Evolution of Corrosion and Mechanical Properties of As-Cast and Solution-Treated Mg-3Zn-0.3Mn-RE Alloys

To develop novel biodegradable magnesium alloys with suitable corrosion resistance and mechanical properties for orthopedic applications, this study investigated the microstructure, mechanical properties, corrosion behavior and wear resistance of as-cast and near-solidus heat-treated Mg-3Zn-0.3Mn alloys with and without Gd/Nd additions (RE-free, 1Gd, 1Gd1Nd). Rare earth addition refined the grains and transformed the secondary phase from Mg₇Zn₃ to the W-phase (Mg₃RE₂Zn₃). The as-cast 1Gd1Nd alloy showed the finest grains, highest hardness (51.3 HB), best tensile strength (189.38 MPa), lowest corrosion rate (2.80 mm/y) and lowest wear rate (0.614 × 10⁻³ mm³/(N·m)). Near-solidus heat treatment slightly decreased hardness (1–3%) but significantly reduced corrosion rate (e.g., RE-free alloy from 3.61 to 2.78 mm/y) and wear rate.
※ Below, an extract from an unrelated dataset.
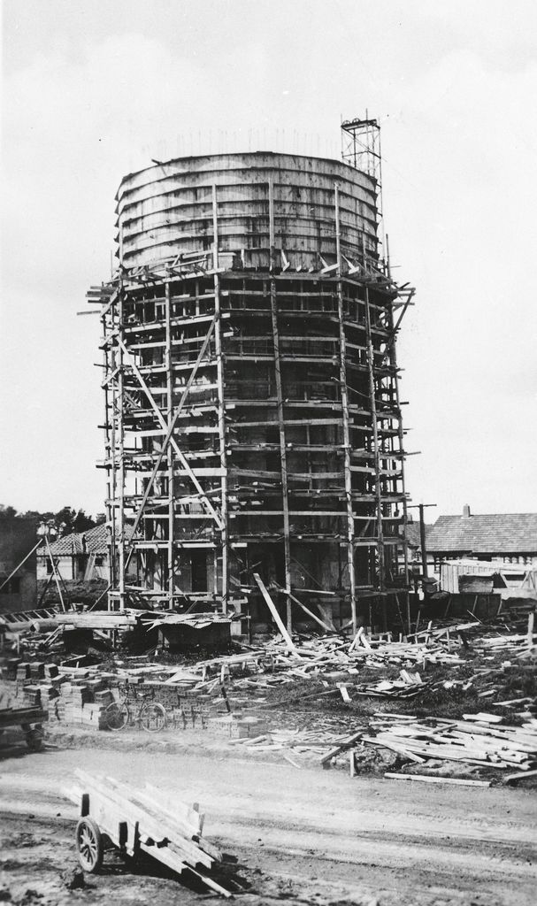 This photograph is part of a series taken by Thomas Doherty, a steel construction worker. The water tower for Ohakea Base is shown here under construction.

The heat-treated 1Gd1Nd alloy gave the best overall performance: corrosion rate 2.68 mm/y, tensile strength 213.71 MPa and elongation 12.96%. Gd promoted grain refinement and film stability, while Nd stabilized the W-phase, showing a clear combined addition benefit. Notably, the heat-treated RE-free alloy performed similarly to the as-cast 1Gd1Nd alloy, indicating that heat treatment can partially mimic rare earth addition. This work provides a baseline for precursor materials before further processing (e.g., extrusion) toward biodegradable implant applications.